Shavais Z 16 years, 1 month ago  # | flag

Mapping arbitrary objects to a PostgreSQL database with psycopg2. Hello, I was an Oracle DBA for almost a decade, and have since continued to be involved in a lot of database application development on various platforms using various database engines. Here are a few notes from DBA-land..

This idea, I think, could work reasonably well in some situations, if a few things were done:

  1. This example needs to be modified to use stored plans, so that the database doesn't have to reparse the SQL for every insert.

  2. The caller should always be sure to only commit transactions when it makes sense to commit them.. which is almost never after every insert. ("Autocommit" is an abomination - it kills performance not only for your application's users, but for everyone else using the database server, too. I'm not saying this code uses it, I'm just saying a caller should be sure they're not - it's an easy mistake to make / bad habit to fall into in the context of generated SQL.)

  3. A DBA or data architect should design database tables first, using an ERD tool, for example, so that the tables are normalized, or are in a star pattern, or are designed in a way that makes some sense relationally, in the context of the whole purpose or role of the particular database in the enterprise. Just dumping Python objects into a database, willy-nilly, is (obviously) a totally absurd idea. (Again, I'm not saying that the author proposes this, just saying it should definitely not be done, in case anyone was actually considering it.) Database tables and their primary keys, indexes, not-null constraints, foreign key constraints, defaults and so on and so forth (in the absence of any really comprehensive GUI front end for the purpose) should be created in SQL scripts, where they can be the most easily reviewed, maintained, and version-controlled.

  4. Then, for the purposes of interfacing with some very simple Python utility programs (maybe to allow the manual update of individual records of individual tables, for example) a set of Python objects could be created that make use of an SQL-generating adapter like this, such that they mirror the tables in the database.
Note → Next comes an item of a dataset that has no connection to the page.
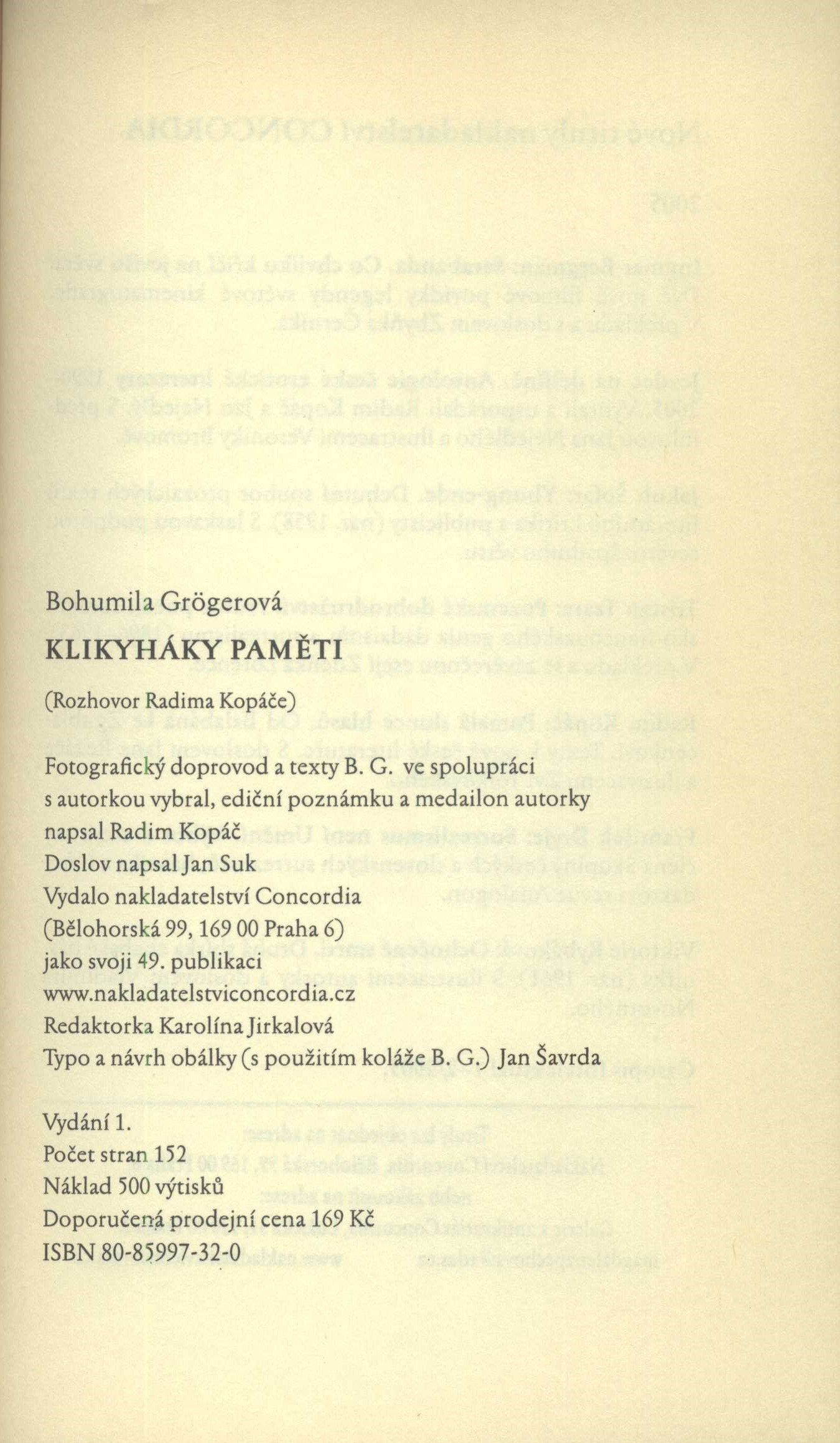 Grögerová, Bohumila, 1921-2014 - básnířka, překladatelka, publicistka * česká literatura * autobiografické vzpomínky * rozhovory * krátké prózy * české spisovatelky * Grögerová B. * r. 2005 821.162.3. 82-83. 82-32. 77. 821.162.3-055.2. 929Grögerová, B.. (0:82-83). 821.162.3-3

These modules should only be used for very basic views of the data that don't involve anything more complex than maybe a master-detail relationship between two tables in the most complex case. (Anything more complex than that should use customized SQL, not generated SQL.)

(comment continued...)

Shavais Z 16 years, 1 month ago  # | flag

(...continued from previous comment)

Database application developers need to be aware that there is well known 80/20 rule when it comes to performance tuning. 20% of the gain that can be achieved through tuning can come from server and database engine tuning.. kernel tuning parameters, database engine tuning parameters and IO layout designs and such. 80% of the gain that can be achieved comes from application tuning - designing tables (and their keys and indexes and such) better, and using better SQL. I couldn't begin to count the number of times I've helped a developer revamp their table design and their SQL, and made things run 10, 20, or sometimes even 100 times faster.

Relational database engines are incredible tools, and tuned, customized SQL is by far the best way to interact with one; however, there is some place for this kind of automation. Kudos to the author for coming up with a way of doing it that has the advantages they mentioned.